Accordingly, there was not any significant difference between the four groups for the data shown in Table 1.

Ki67: In the surface part of the epidermis, Ki67 was expressed in 73 cells out of 864 in the AK group and in 572 cells out of 4410 in the BD group. No Ki67 expression was documented in the normal skin specimens (Fig. 1). The percentage of Ki67+cells was significantly the highest in the BD group and the lowest in the normal skin biopsy specimens (p<0.001). In the deep part of the epidermis, there were 757 cell out of 2632 in the AK group,1511 cells out of 12552 in the BD group and 62 cells out of 6261 in the control group with positive expression for Ki67 (Fig. 1). The percentage of the cells positively stained for Ki67 was the highest in the AK group and the lowest in the control group (p<0.001). Comparing the rate of expression of Ki67 in the surface and deep portion of the epidermis in each group showed that this rate was significantly higher in the deep epidermis comparing with the rate in the surface epidermis in the AK and the normal skin specimens (p≤0.001). There was not a significant difference between the surface and the deep parts of the epidermis for the expression rate of Ki67 in the BD group (p = 0.15). In the full thickness of the epidermis of the SCC, AK, BD and normal skin groups there were 942 cells out of 4781, 830 cells out of 3498, 2083 cells out of 16962 and 62 cells out of 7386 positive for Ki67, respectively (Fig. 2).

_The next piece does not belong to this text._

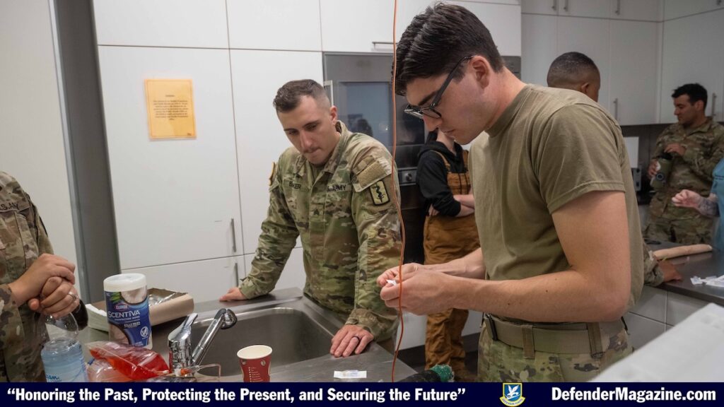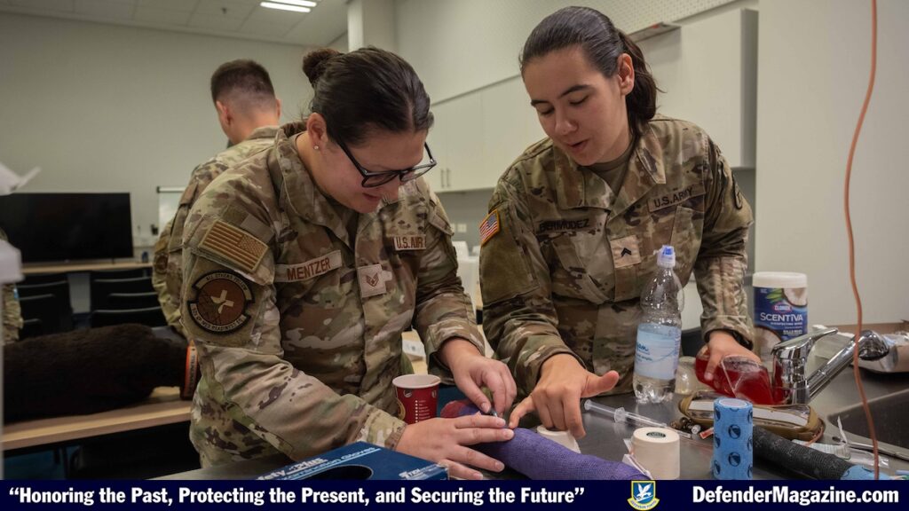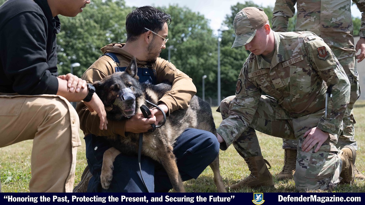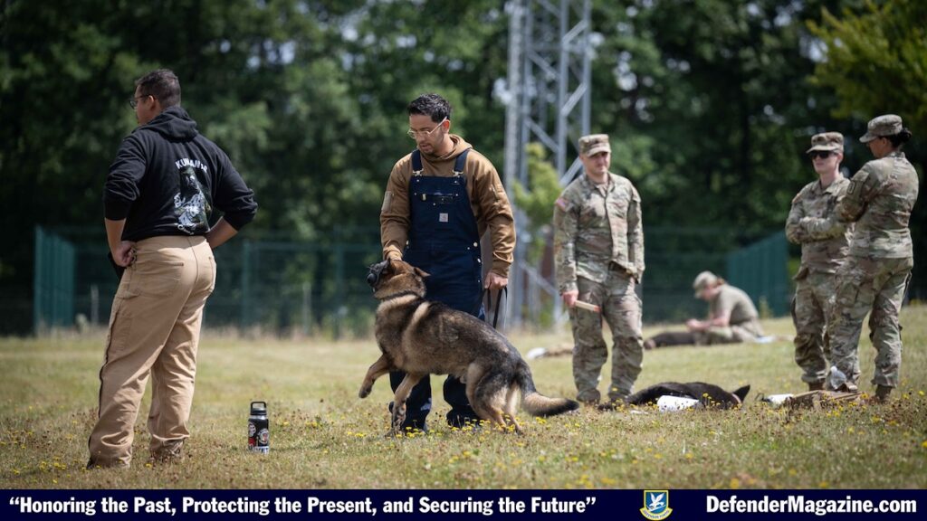 SPANGDAHLEM AIR BASE, Germany — Airmen from the 52nd Medical Group teamed up with U.S. Army instructors to learn life-saving care for military working dogs during canine Tactical Combat Casualty Care training at Spangdahlem Air Base, Germany, July 16, 2025. U.S Army instructors led the training, ensuring both services are prepared to care for K-9 partners in combat environments. (U.S. Air Force photos by Senior Airman Darius Frazier)

Table 1: Characteristics and general data of patients
SCC: Squamous cell carcinoma, AK: Actinic keratosis, BD: Bowen disease. Values In brakets are percentage

Fig. 1: Percentage of Ki67+, P27+ and P53+cells in one-third superficial and two-third deep layer of epidermis in the studied specimens

Fig. 2: Percentage of Ki67+, P27+ and P53+cells in epidermis of the studied specimens

The percentage of Ki67+cells was significantly the highest in the AK group and lowest in the control group (p<0.001). The percentage of Ki67+cells was significantly the highest in the AK group comparing with that in the SCC group and the lowest in the deep portions of the epidermis of the BD and the control groups comparing with that in the SCC group (p<0.001 for all comparisons). According to mentioned findings, the expression pattern of Ki67 was peripheral, diffused and confluent in the AK, BD and SCC specimens, respectively.

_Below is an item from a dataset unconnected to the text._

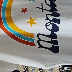 Show your love for Montana, or just wear the vibe. Crisp white body with Navy ringer neckline and sleeve trim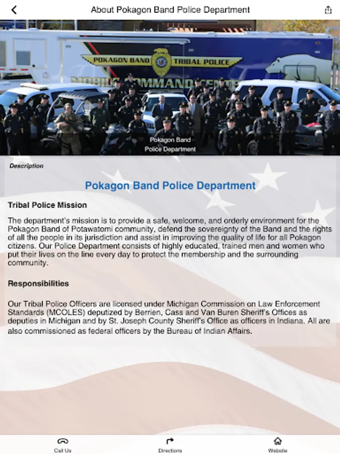 This app is for the employees of Pokagon Band Police Department, their families, and the community they serve. This app contains information about the department as well as safety and crime prevention tips. Pokagon Band Police Department employees and their families will have access to a full range of wellness tools.

P27: In the surface layer of the epidermis, P27 was expressed in 655 cells out of 1111 in the AK group, 2134 cells out of 6723 in the BD group and 957 cells out of 1125 in the control group (Fig. 1). The percentage of P27+cells was significantly the highest in the normal skin group and the lowest in the BD group (p<0.001). In the deep layer of the epidermis, there were 340 cell out of 2691 in the AK group, 3460 cells out of 14841 in the BD group and 772 cells out of 6261 in the control group positively expressed P27 (Fig. 1). The percentage of the cells positive for P27 was significantly the highest in the BD group (p<0.001). In all groups of AK, BD and normal skin, the percentages of P27+cells were significantly higher in the superficial portion of the epidermis comparing with those in the deep areas of the epidermis (p<0.001 for the AK and BD groups, p = 0.001 for the normal skin group). In the full thickness epidermis of the SCC, AK, BD and control groups, there were 355 cells out of 7943, 995 cells out of 3802, 5594 cells out of 21564 and 1729 cells out of 7386 positive for P27 expression, respectively (Fig. 2). The rate of P27+cells was significantly the lowest in the SCC group (p<0.001). The percentages of P27+cells were significantly higher in the deep area of the epidermis in the AK, BD and control groups comparing with that in the SCC specimens (p<0.001 for all comparisons).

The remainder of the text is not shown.